Government agencies that were set up to protect public health and the environment only do their job if it does not conflict with corporate interests. Our current reality is that we live in a "wealthocracy" big money simply gets what it wants. In this wealthocracy, we see three dynamics at play: corporations versus the planet, the government versus the people, and corporate consultants or "experts" versus common sense. In the case of WTI, we have seen all three.

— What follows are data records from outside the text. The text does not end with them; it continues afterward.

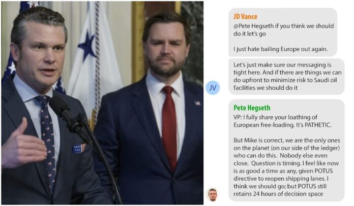 Μηνύματα-βόμβα που διέρρευσαν τη Δευτέρα (24/3), αποκάλυψαν τον βαθμό περιφρόνησης που νιώθουν ορισμένα από τα βασικά μέλη του υπουργικού συμβουλίου των ΗΠΑ υπό τον Πρόεδρο της χώρας, Ντόναλντ Τραμπ, για τους «ελεύθερους» Ευρωπαίους συμμάχους τους.
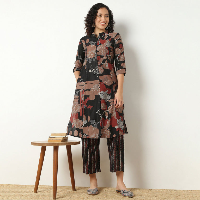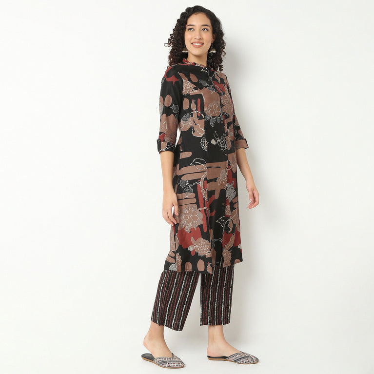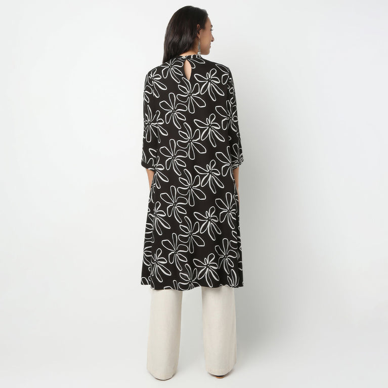 Band Neck Knee Length Three-Fourth Sleeve Straight Fit Printed Kurta
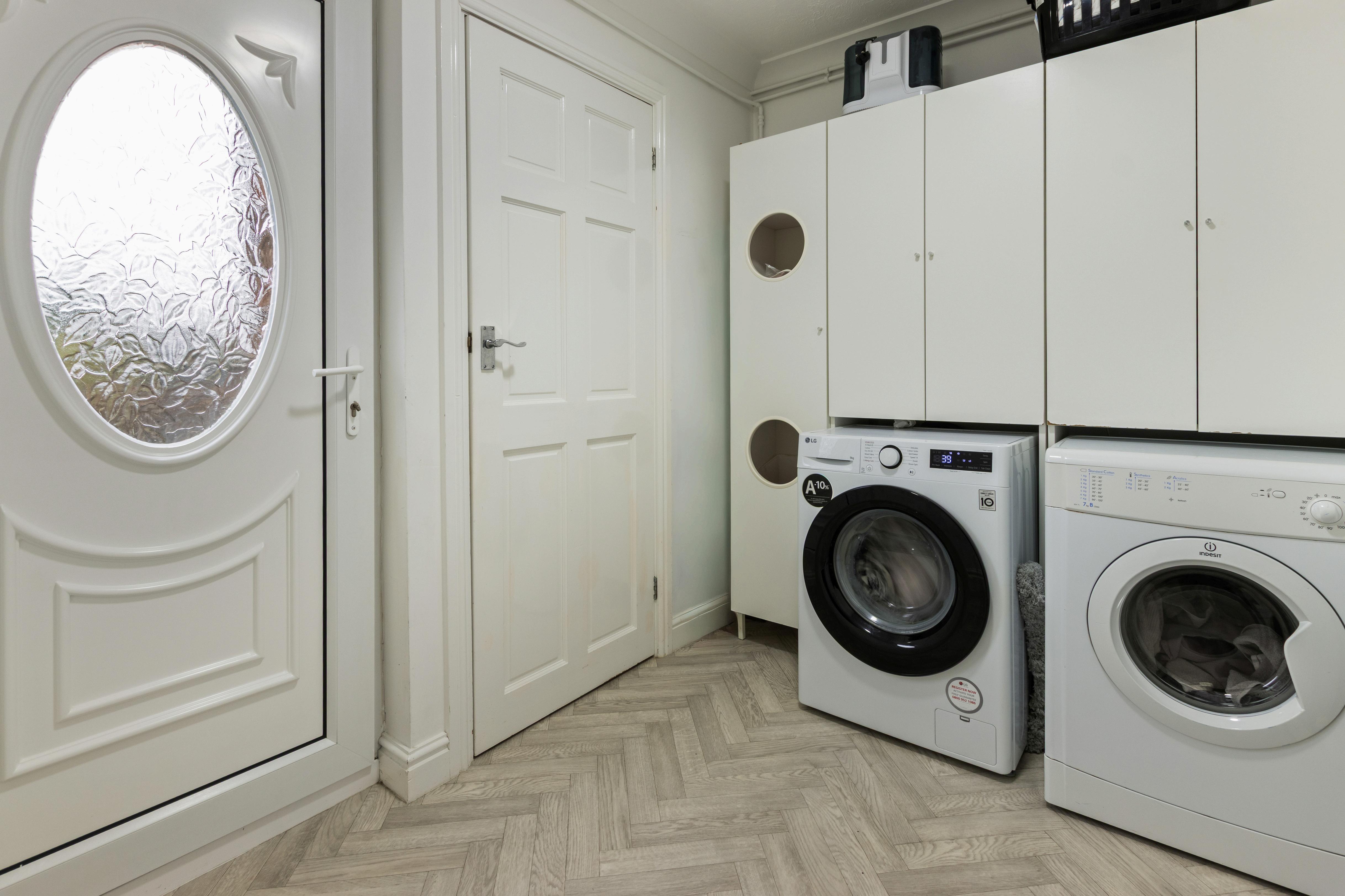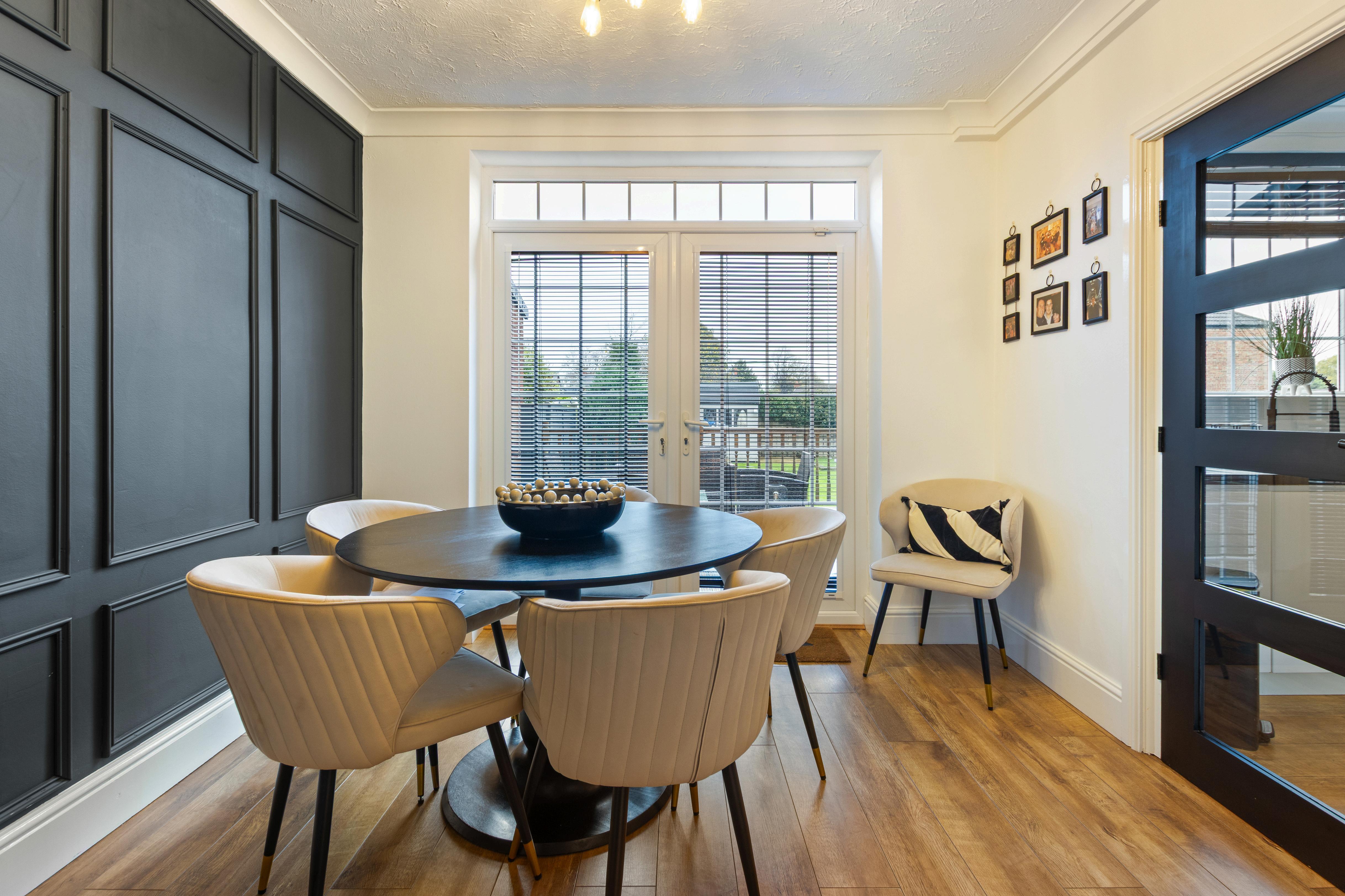 Welcome to this beautifully presented three bedroom semi detached home on Crowland Avenue, offering style, space and practicality throughout. The entrance hallway leads to a comfortable lounge with a striking feature fireplace, perfect for cosy evenings. At the rear, the dining room impresses with elegant wall panelling and French doors opening onto the garden, while the modern kitchen boasts a range of fitted units and integrated appliances. A handy utility room, ground floor WC and internal access to the garage currently used as a home gym add convenience.
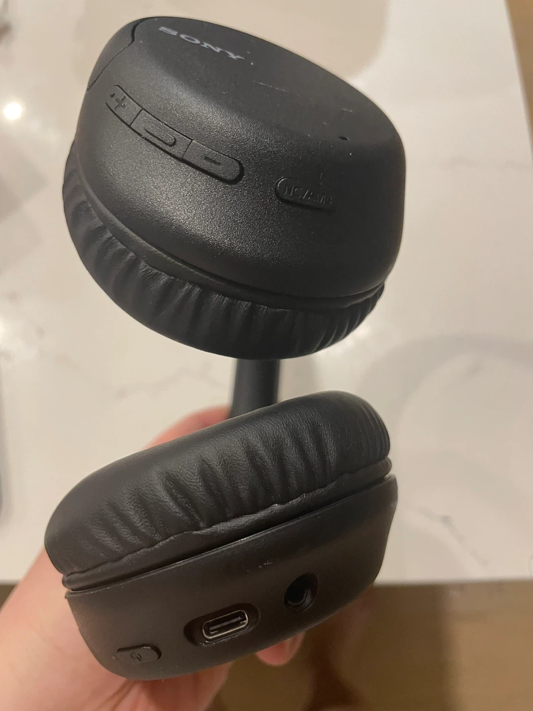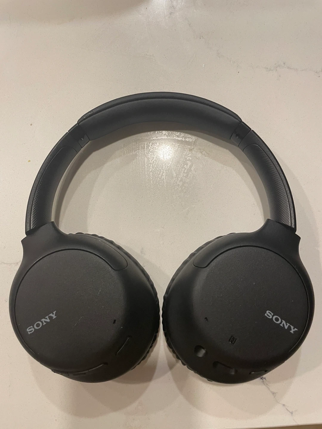 Selling a pair of Sony WH-CH510 wireless headphones in black. They're in great condition and ready for a new owner! These headphones are lightweight and portable, perfect for on-the-go listening. If you're interested, feel free to message me!

The second lesson I have learned ties directly to the first, and that is that corporations can control the highest office in the land. When Bill Clinton and Al Gore came to the Ohio Valley, they called the siting of the WTI hazardous waste incinerator next door to a 400 student elementary school, in the middle of an impoverished Appalachian neighborhood, immediately on the bank of the Ohio River in a flood plain an "UNBELIEVABLE IDEA." They said we ought to have control over where these things are located. They even went so far as to say they would stop it. But then they didn't! What has been revealed in all this is that there are forces running this country that are far more powerful than the President and the Vice President. This country trumpets to the world how democratic it is, but it's funny that I come from a community that our President dare not visit because he cannot witness first hand the injustice which he has allowed in the interest of a multinational corporation, Von Roll of Switzerland. And the Union Bank of Switzerland. And Jackson Stephens, a private investment banker from Arkansas. These forces are far more relevant to our little town than the President of the United States! And he is the one who made it that way. He has chosen that path. We didn't choose it for him. We begged him to come to East Liverpool, but he refused. We begged the head of EPA to come, but she refused. She hides behind the clever maneuvering of lawyers and consultants who obscure the dangers of the reckless siting of this facility with theoretical risk assessments.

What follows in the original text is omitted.